The records are to be repeated exactly, and any images in them are to be dropped.

MATERIAL FOR THIS EXERCISE:

——

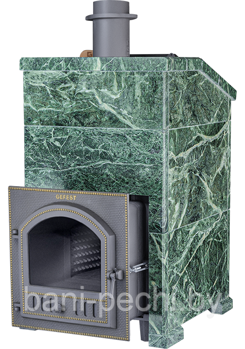 Чугунная Банная Печь «Гефест Гром 50П Президент Змеевик» с панорамным стеклом в облицовке Змеевик
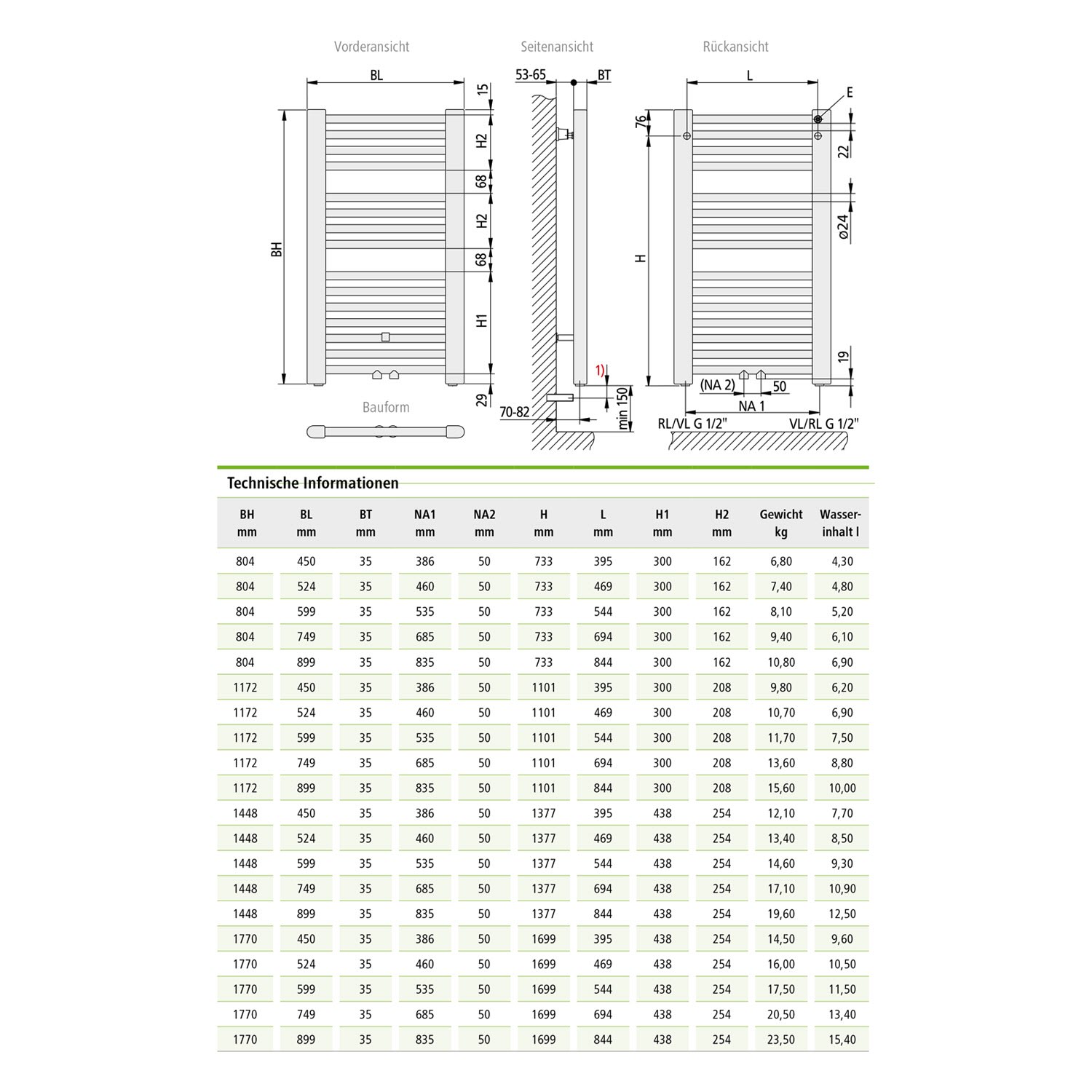 - Bauseits ist der Wandbaustoff auf ausreichende Tragfähigkeit zu prüfen
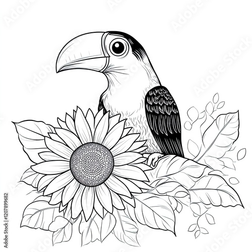 Naklejka premium Adorable Toucan and Sunflower Coloring Book Page for Kids
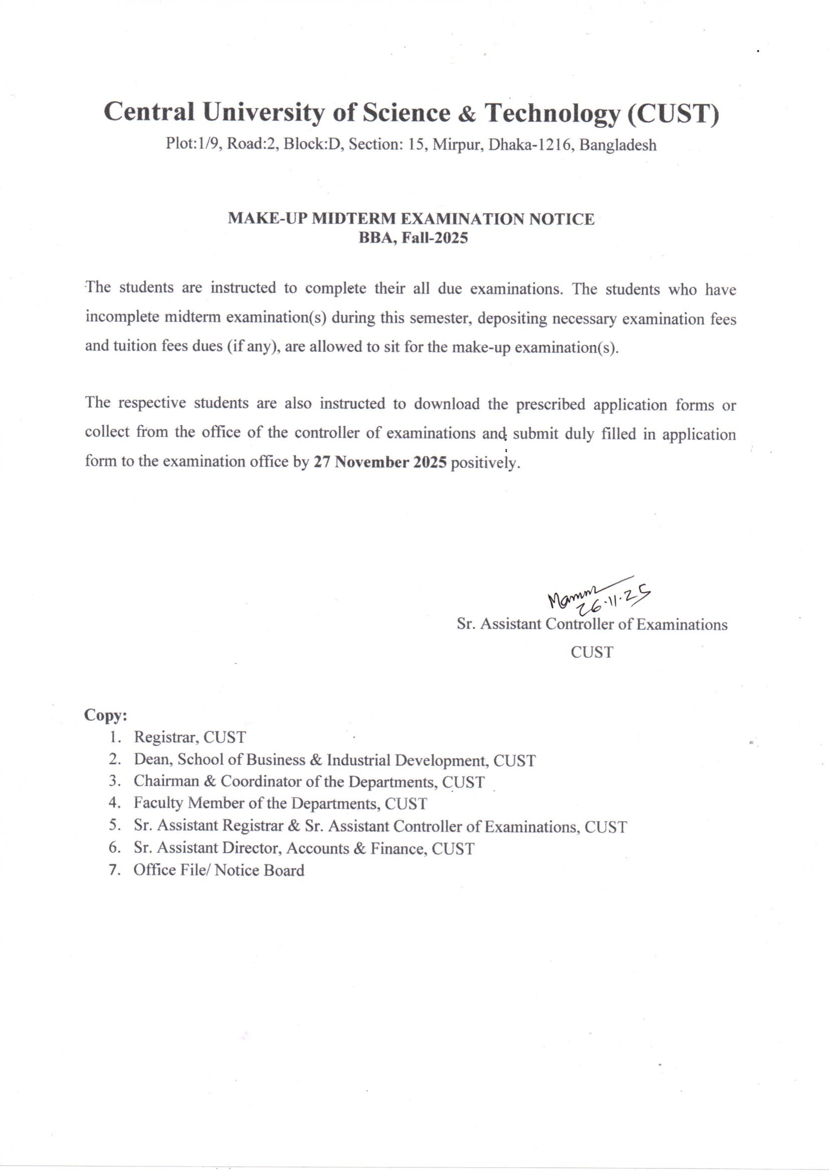 Makeup Midterm Examination Notice for BBA, Fall-2025 November 26, 2025 | Notice . Notice - Business Administration
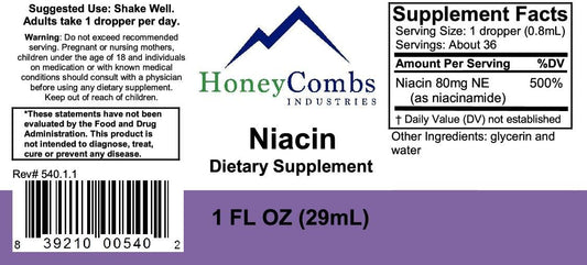 Alcohol-Free HoneyCombs Vitamin B3 Liquid Drops - 8 Oz Niacin Dietary Supplement for Circulation & Immune System - Non-GMO Liquid Vitamin Niacin Drops
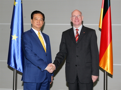 | Le Premier ministre vietnamien Nguyên Tân Dung (droite) et le président du Parlement allemand, Norbert Lammert. |
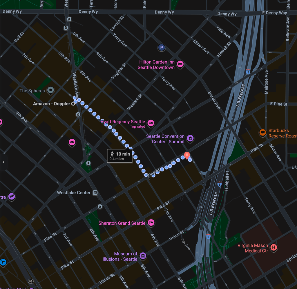 0.4 miles / 10 minute walk to the Amazon Spheres
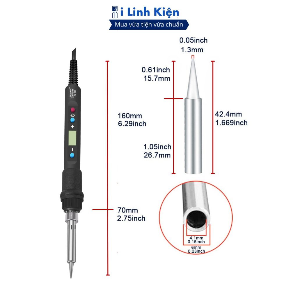 Đường kính đầu mỏ hàn: 1,05 inch (26,7mm)

——

RESPONSE TO THE EXERCISE:
 Чугунная Банная Печь «Гефест Гром 50П Президент Змеевик» с панорамным стеклом в облицовке Змеевик
 - Bauseits ist der Wandbaustoff auf ausreichende Tragfähigkeit zu prüfen
 Naklejka premium Adorable Toucan and Sunflower Coloring Book Page for Kids
 Makeup Midterm Examination Notice for BBA, Fall-2025 November 26, 2025 | Notice . Notice - Business Administration
 Alcohol-Free HoneyCombs Vitamin B3 Liquid Drops - 8 Oz Niacin Dietary Supplement for Circulation & Immune System - Non-GMO Liquid Vitamin Niacin Drops
 | Le Premier ministre vietnamien Nguyên Tân Dung (droite) et le président du Parlement allemand, Norbert Lammert. |
 0.4 miles / 10 minute walk to the Amazon Spheres
 Đường kính đầu mỏ hàn: 1,05 inch (26,7mm)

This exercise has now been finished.